"Les Alcooliques Anonymes de Brioude racontent leur crise sanitaire"
in "La Montagne" (France), 21 Janvier 2021
Confinement, couvre-feu, reconfinement et de nouveau un couvre-feu. Comment les périodes d’isolement liées aux restrictions sanitaires ont été vécues par les membres des Alcooliques Anonymes de Brioude ? « Cela a été très compliqué », confie Mélanie (*). Abstinente depuis deux ans et demi, la jeune femme a perdu son emploi avant le premier confinement. « L’isolement vous rend plus fragile. Cela vous déboussole, les pensées sombres s’amplifient », explique-t-elle.

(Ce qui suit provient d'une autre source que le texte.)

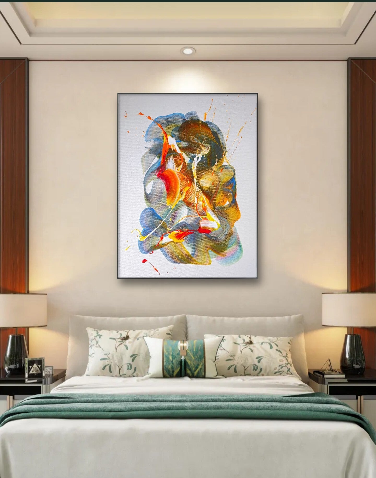 With its vivid colours and energetic brushstrokes, this beautiful painting brings a modern, contemporary feel wherever it hangs. The abstract style allows for imaginative interpretation and gives spaces a splash of artistic flair. Ideal for living rooms, bedrooms, offices, or galleries. Make your walls come alive with this vibrant hand-painted abstract beauty.
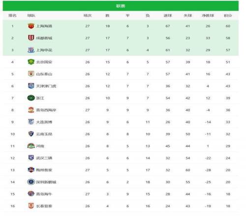 争冠三强先后全取3分,使得这一轮的争冠形势没有变化,海港率先撞线60分,蓉城2分屈居第二,申花57分位列第三,三队依旧只有最多3分的差距。
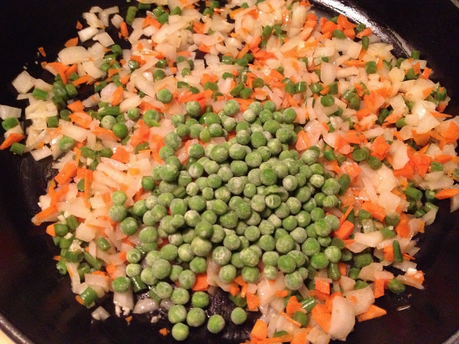 -While your cauliflower is simmering, heat 1 tbsp olive oil in a large cast iron skillet. Add the onions, carrot, green beans and garlic. Sauté for 5 minutes until the vegetables are tender. Add the frozen peas and cook for 1 more minute.
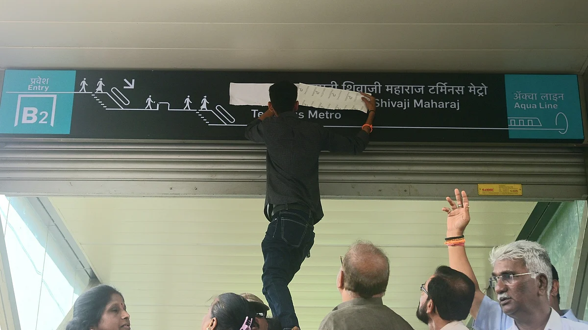Shiv Sena (UBT) Workers Call ‘Kotak’ Prefix on CSMT Metro Station an Insult, Cover Name with Sticker in Mumbai | GPlus/ Salman Ansari
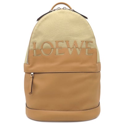 ロエベ LOEWE リュック・デイパック ロゴ バックパック キャンバス レザー ベージュ系 シルバー金具 薄茶 B314278X013968 【中古】
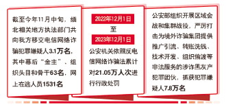 ——2022年12月1日至2023年12月1日,公安机关依照反电信网络诈骗法累计对21.05万人次进行行政处罚。
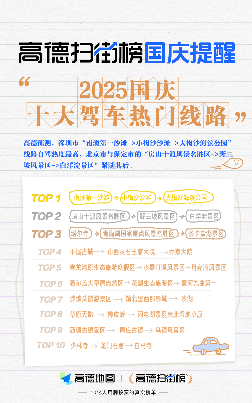 今天,2025年国庆假期全国驾车游热门路线TOP10也正式出炉。深圳市“南澳第一沙滩—小梅沙沙滩—大梅沙海滨公园”路线位居榜首;北京市与保定市的“房山十渡风景名胜区—野三坡风景区—白洋淀景区”排名第二。

Les réunions hebdomadaires qui se tenaient habituellement en présentiel ont été remplacées par des échanges à distance. « Cela a quand même permis de discuter, d’exprimer ce que l’on ressent et de poser des mots sur les problèmes. L’alcoolisme est souvent lié aux émotions », ajoute-t-elle. Pour Gisèle (*), 60 ans, « même si on ne pouvait plus boire un café ensemble », les contacts à distance ont été précieux.
« S’il n’y avait pas eu ces réunions, je ne sais pas si j’aurais pu tenir... Parler de notre maladie, écouter les autres, c’est indispensable pour nous. »
GISÈLE (Membre des Alcooliques anonymes)
Paradoxalement, la situation sanitaire a rapproché les membres entre eux, raconte Mélanie : « On s’appelait plus souvent pour prendre des nouvelles de chacun. Cela a resserré les liens. » Sortis du premier confinement, les groupes de parole en présentiel ont pu reprendre à Brioude. « Nous avons changé de local pour finalement nous retrouver à l’ancienne école Jean-Pradier », rapporte-t-elle. Mais la joie des retrouvailles a vite laissé place au couvre-feu du mois d’octobre. « Nos réunions étaient avancées pour pouvoir respecter les limitations de déplacement à 21 heures », poursuit-elle.
Les périodes d’isolement ont été très mal vécues notamment par les jeunes abstinents, « qui sont plus fragiles que les autres ». Certains ont pu trouver refuge dans d’autres activités. « J’ai beaucoup lu. Des livres écrits par les alcooliques eux-mêmes. Ça m’a fait du bien », glisse Gisèle.
« Le stress et le confinement ont pu augmenter les consommations d’alcool, ou les diminuer du fait de la limitation des interactions sociales. »
ALICE VILLEPOUX (psychologue au Centre de soins, d’accompagnement et de prévention en addictologie de Brioude)
Par ailleurs, la fermeture des débits de boisson n’a pas impacté la consommation d’alcool. « Il y a vraiment tout type d’alcoolisme. Ceux qui ne peuvent plus boire au bar achètent de l’alcool dans une épicerie pour consommer chez eux », indique un membre des Alcooliques Anonymes.
Le second confinement n’a pas arrangé les choses. Mais c’est surtout le durcissement des règles de déplacement de janvier qui a été difficile pour les Alcooliques Anonymes. « Ce couvre-feu est presque plus dur qu’un confinement. La limite des 20 heures et maintenant de 18 heures change beaucoup de choses. » En effet, les réunions physiques du fait de l’horaire avancé ne peuvent plus se tenir. De plus, l’éloignement, l’absence de contact, a freiné les nouveaux membres. « Les personnes qui voulaient nous rejoindre ont eu un peu plus de mal, car il fallait aller sur Internet plutôt que de pousser la porte. » Et les réunions à distance ont donc repris, « c’est compliqué, mais c’est toujours mieux que rien ».